I have an Epson Stylus CX3810 all in one. I can't figure out how to get it to scan. There is no scan button and when I open Image Capture it tells me there's nothing connected. 

What do I do?

Mahalo, Geralyn


----------



## simbalala (Aug 29, 2009)

I have an Epson perfection which probably works much the same.

For it there is a module...

/library/Image Capture/TWAIN Data Sources/EPSON Perfection 3170.ds

which is its interface with TWAIN.

Do you have a similar module? In my case I probably just ran the scanner install program and that file was copied to that location. It's been a few years now since I got the scanner (which works great BTW).

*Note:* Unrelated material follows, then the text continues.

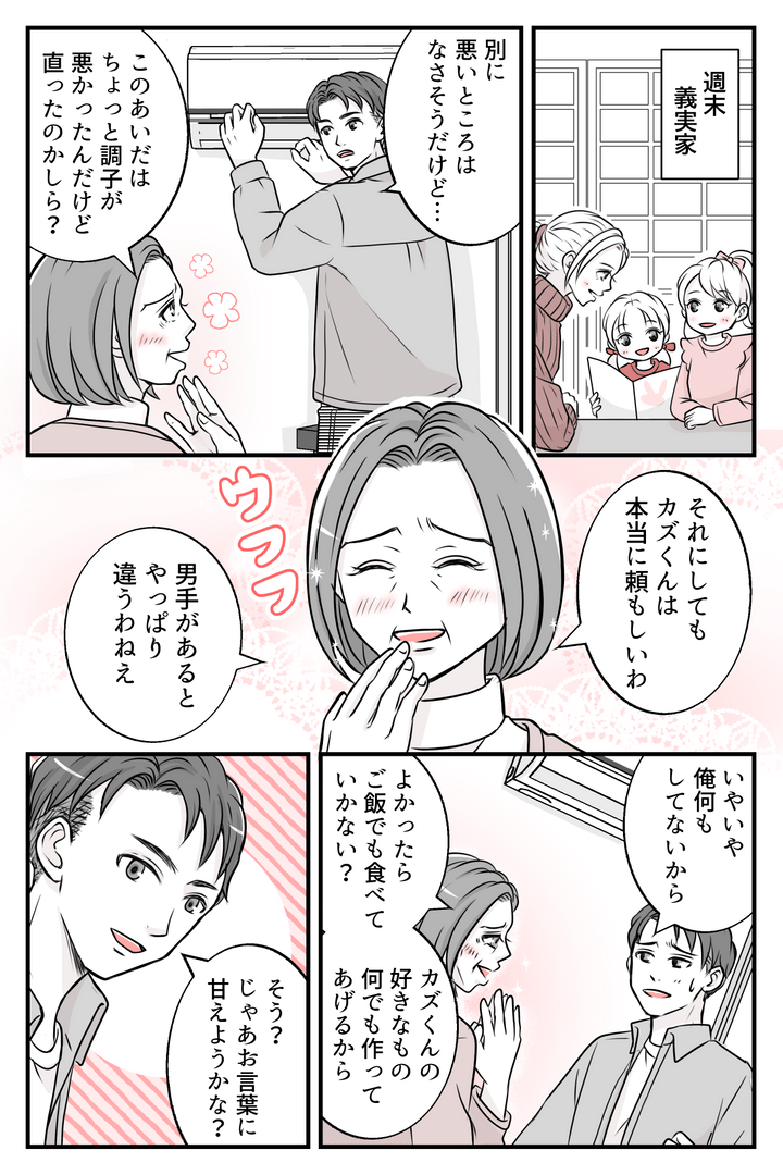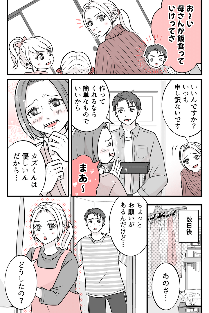 私たちが義実家に行くと、いつも義母は夕飯を用意してくれます。この日も義母の厚意に甘えて、私たち家族は義実家で夕飯を食べて帰ることにしました。それから数日後、カズキがなんだか言いづらそうに話しかけてきました。

I never use Image Capture, I scan directly into Photoshop but Image Capture does work with the scanner (I just tested it) and it accesses it via that module.


----------



## sa1nt412 (Aug 29, 2009)

Aloha,

I am a newbie MAC user. 
What is a module? Where do I find it? How do I get to it? 
What is the scanner install program? Where do I find it? How do I get to it?

I can do all this stuff on a pc, but on the mac I don't even know how to set up my printer to use less ink, clean the nozzles, etc.

Any help is greatly appreciated.

Mahalo!


----------



## fryke (Aug 30, 2009)

Well: Is there an installation CD for the all-in-one device? I see that epson.com doesn't have Mac drivers for the device. But http://lmgtfy.com/?q=epson+CX3810+mac+driver shows you some links for TWAIN drivers etc.


----------